# Es ist zum Kotzen!



## EvilWillow

Wenn einen etwas so richtig aufregt und ärgert, findet man es (manchmal im wahrsten Sinne des Wortes, weil einem leicht übel wird) *zum Kotzen*. 

Beispiel aus dem Alltag:
_Der Bus hat wieder Verspätung und ich komme heute wieder zu spät zur Arbeit. (Es ist) Zum Kotzen!_

PONS schlägt "es un coñazo" vor, aber wenn ich mir die anderen Bedeutungen von "coñazo" so ansehe, hoffe ich auf eine Alternative, die das Bild der deutschen Wendung irgendwie besser rüberbringt. Danke im Voraus.


----------



## Spharadi

Es nauseabundo.
(Te) da náuseas.


----------



## Lord_British

EvilWillow said:


> Wenn einen etwas so richtig aufregt und ärgert, findet man es (manchmal im wahrsten Sinne des Wortes, weil einem leicht übel wird) *zum Kotzen*.
> 
> Beispiel aus dem Alltag:
> _Der Bus hat wieder Verspätung und ich komme heute wieder zu spät zur Arbeit. (Es ist) Zum Kotzen!_
> 
> PONS schlägt "es un coñazo" vor, aber wenn ich mir die anderen Bedeutungen von "coñazo" so ansehe, hoffe ich auf eine Alternative, die das Bild der deutschen Wendung irgendwie besser rüberbringt. Danke im Voraus.



Esta situación me da asco. (ekelhaft)

Estoy hasta las narices de esta situación. (Oberlippe Unterkante)
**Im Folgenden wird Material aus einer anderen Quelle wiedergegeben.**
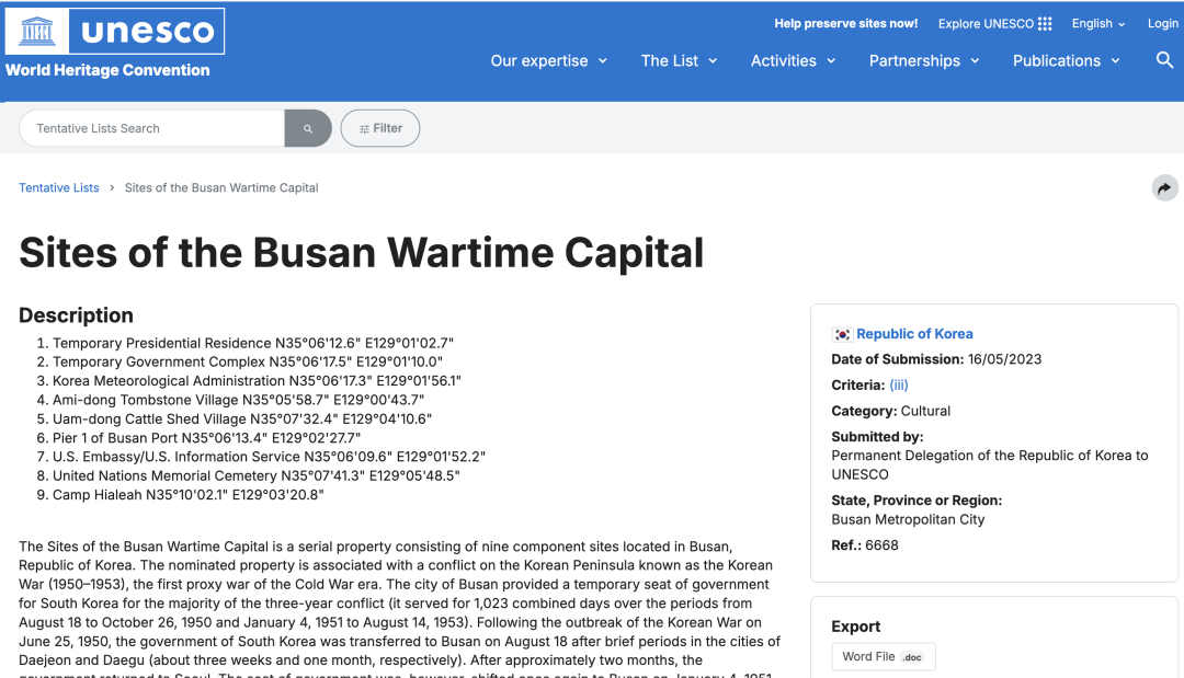 现在,韩国正努力将峨眉洞碑石文化村申请为世界文化遗产(韩国济州岛的大屠杀,“申遗”成功!)。访问联合国教科文组织的网站,我看到,峨眉洞作为“韩国战时首都釜山”(Sites of the Busan Wartime Capital)的一部分,已经出现世界文化遗产暂定名录上了。

Estoy hasta los cojones/huevos de esta situación (geht mir vol auf den Sack -> männlicher Sack gemeint, nicht Kartoffelsack)


----------



## Neretva

EvilWillow said:


> Wenn einen etwas so richtig aufregt und ärgert, findet man es (manchmal im wahrsten Sinne des Wortes, weil einem leicht übel wird) *zum Kotzen*.
> 
> Beispiel aus dem Alltag:
> _Der Bus hat wieder Verspätung und ich komme heute wieder zu spät zur Arbeit. (Es ist) Zum Kotzen!_
> 
> PONS schlägt "es un coñazo" vor, aber wenn ich mir die anderen Bedeutungen von "coñazo" so ansehe, hoffe ich auf eine Alternative, die das Bild der deutschen Wendung irgendwie besser rüberbringt. Danke im Voraus.


 
Es para cagarse.


----------



## azulada

Me repatea _(coloquial)_

Me toca las narices _(coloquial)_

¡Me saca de mis casillas! 

¡Me pone de los nervios!

¡Estoy harto/a! (si es una situación que se repite).

No lo puedo aguantar.

No lo soporto.

¡Es intolerable!

¡Es insoportable!

¡Es inaguantable!




"_coñazo_", wie du schon gesagt hast, passt nicht in diesem Kontext. Man sagt "_Esto es un coñazo_", wenn etwas sehr langweilig ist (z.B. ein Film, eine Vorlesung, ein Vortrag...)


----------



## jartesm

"Es un coñazo" es la versión malsonante del antiguo "Es una lata" (langweilig). Para mí, lo más acertado es lo que ha dicho Neretva, porque responde al lenguaje coloquial espontáneo, sin entrar en expresiones más groseras: "¡Es para cagarse!".
Y también es igual de común "Estoy hasta los (mismísimos) cojones" o "Estoy hasta los huevos" (en boca de hombres, vista la referencia genital). Si se quiere ser más fino: "¡Me tienen harto/a".
Saludos.
Joan


----------



## EvilWillow

¡Gracias por todas las respuestas!


----------